Khalid Sheikh Mohammed, alleged organiser of the Sept 11, 2001 attacks, shortly after his capture in 2003 and an ABC World New Tonight handout photo of Abd al-Rashim al-Nashiri, al-Qaeda's chief of operations for the Gulf and a suspected mastermind o
Khalid Sheikh Mohammed, alleged organiser of the Sept 11, 2001 attacks, shortly after his capture in 2003 and an ABC World New Tonight handout photo of Abd al-Rashim al-Nashiri, al-Qaeda's chief of operations for the Gulf and a suspected mastermind of the USS Cole bombing in Yemen, obtained on Nov 23 2002. -- PHOTO: AFP 

WASHINGTON (AFP) - Former United States vice-president Dick Cheney on Wednesday blasted the Senate report detailing torture of "war on terror" detainees, calling it "terrible" and "full of crap". Mr Cheney, who was vice-president under Mr George W. Bush when the brutal "enhanced interrogation techniques" were used, said the programme was entirely justified.

"We did exactly what needed to be done in order to catch those who were guilty on 9/11 and to prevent a further attack, and we were successful on both parts," he told Fox News.

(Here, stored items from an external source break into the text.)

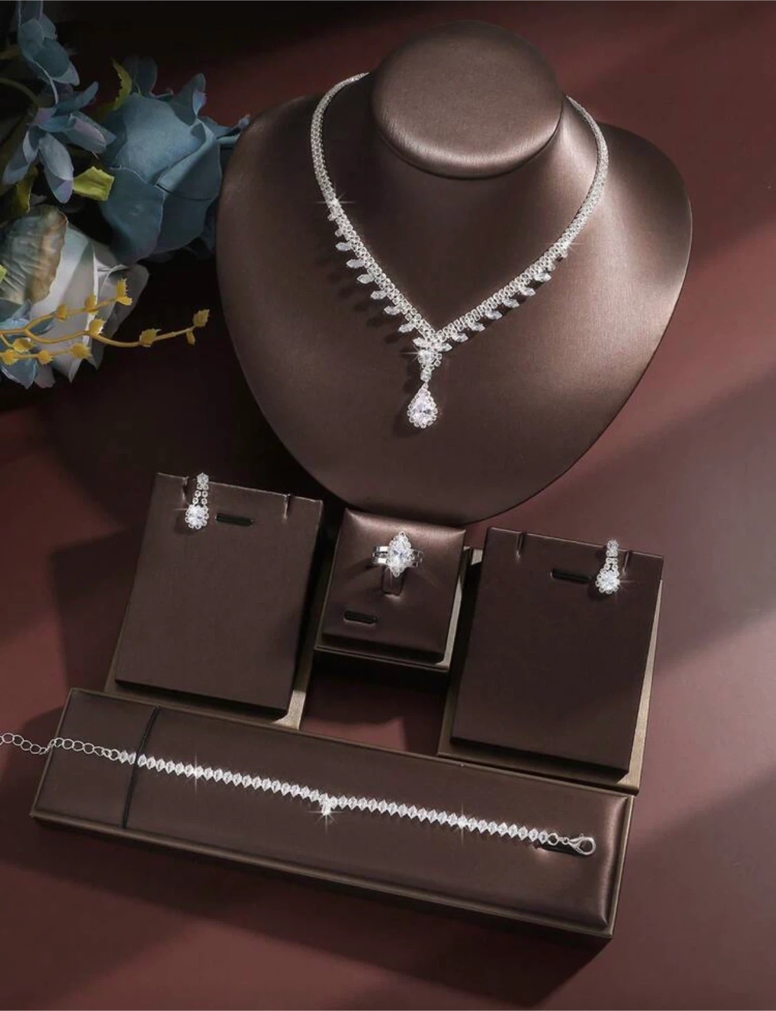 Jewellery Set: Necklace, Bracelet, Ring, Earrings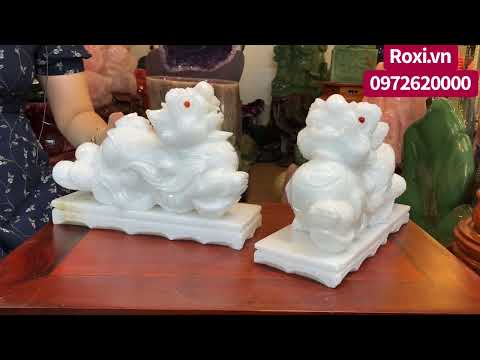 Tỳ hưu đá cẩm thạch trắng là linh vật phong thủy chiêu tài giữ lộc đồng thời có khả năng trấn giữ, xua đuổi tà khí. Tỳ hưu phong thủy được chế tác bằng đá tự nhiên, toát lên vẻ oai nghiêm và đầy sức mạnh. Cặp Tỳ hưu đá cẩm thạch trắng 30cm phù hợp cho gia chủ mệnh Thủy và mệnh Kim.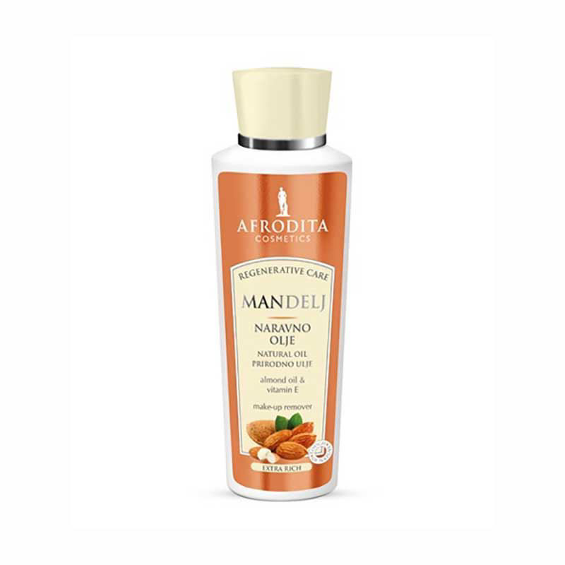 Naravno mandljevo olje Afrodita je bogato negovalno olje. Mandljevo olje in pozitivni učinki mandlja na kožo, veljajo za eno boljših odkritji človeštva. Mandljevo olje je bogato z oleinsko in linolno maščobno kislino hkrati pa vsebuje vitamine A, B1, B2, B6 in vitamin E.

The scathing 500-page report, released on Tuesday, said the Central Intelligence Agency's interrogation of Al-Qaeda suspects - including beatings, "rectal rehydration" and sleep deprivation - was far more brutal than acknowledged and did not produce useful intelligence.

The CIA deliberately misled Congress and the White House about the value of the intelligence its interrogators were gathering, the report concluded. Mr Cheney did not mince his words in rejecting that. "The report's full of crap, excuse me. I said hooey yesterday - let me use the real word," he thundered.

The investigation was "deeply flawed" and "didn't bother to interview key people involved in the programme," he said.

The report - whose damning findings provoked worldwide condemnation - also said that Mr Bush was only given details of the tactics in 2006, four years after the CIA began using them on terror suspects, and that he then "expressed discomfort".

Mr Cheney denied Mr Bush was kept out of the loop, saying the then president "was in fact an integral part of the programme and he had to approve it".

However, asked if Mr Bush knew the finer details of how specific interrogations were being conducted, Mr Cheney was more vague, saying: "We did discuss the techniques. There was no effort on our part to keep him from that."

Mr Cheney suggested that, when faced with a key suspect, like self-proclaimed Sept 11 mastermind Khalid Sheikh Mohammed, interrogators had to be tough.

"What are we supposed to do - kiss him on both cheeks and say, 'Please, please, tell us what you know?' Of course not."